In line with the terms of any hardship program and its agreement, they may reduce your annual percentage rate (APR), and may even agree to reduce your monthly minimum payment. Rest assured, however, they still want their money back from you.
Who Is Eligible for A Hardship Program?
Hardship programs are not just handed out haphazardly to people who have recklessly exceeded their means. It is a program orchestrated for special situations like a job loss, death, or other unexpected situation that arises involving unexpected expenses or unexpected loss of income. If you have simply over run your spending and ‘maxed out’ your card, don’t expect the lender to bail you out.
Consider discussing the terms of payment, interest rate and minimum monthly payments with your lender. Hardship programs are meant to help restructure your payment obligations to prevent card holders from defaulting. It’s quite surprising how card issuers will accommodate some unfortunate situations. If, for example, you are heading towards bankruptcy, your card company may reduce your monthly minimum payments. This is because if you do go bankrupt, chances are the credit card company won’t get paid at all.
When card holders get behind by more than 90 days some credit companies will offer reduced payment and interest programs to assist card holders in getting back on track and making good on their debt obligation. Others, however, may not be as congenial.
If you continue to make payments on the balance then the card company sees it as a profitable venture and probably won’t reduce the minimum payments or interest rate.
What About Your Credit Score?
Credit scores will be affected by your enrollment in a hardship program.

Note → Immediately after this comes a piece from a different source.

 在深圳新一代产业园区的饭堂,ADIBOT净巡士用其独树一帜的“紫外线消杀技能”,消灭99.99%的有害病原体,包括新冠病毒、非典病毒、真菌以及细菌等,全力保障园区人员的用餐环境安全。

Although institutions appreciate and recognize that you are trying and willing to pay off your account, enrolling in a hardship program will result in lenders seeing you as a ‘bad risk’. This may result in difficulties further along if you plan to apply for a new credit card or get a loan or mortgage. To keep a good credit score you have to pay your bills on time. Late or outstanding payments will lower your score and outstanding collections will stay on your record for seven years.

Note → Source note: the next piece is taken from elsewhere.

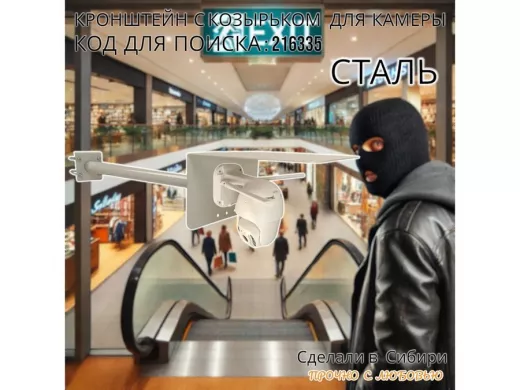 Кронштейн с козырьком для видеокамеры на трубу 15...51мм вылет 50см 24х22см "HIWOLL-216335" серый

Entering into a hardship program will render your card useless. As part of the deal with a hardship program the card company closes your credit account to prevent the possibility of further losses. Credit card companies don’t usually advertise hardship programs, so if you need one, it will require some investigation on your part. It will be doubtful that you can negotiate your interest rates from 20% to 2%, but some companies will lower monthly payments and reduce the interest to accommodate payments.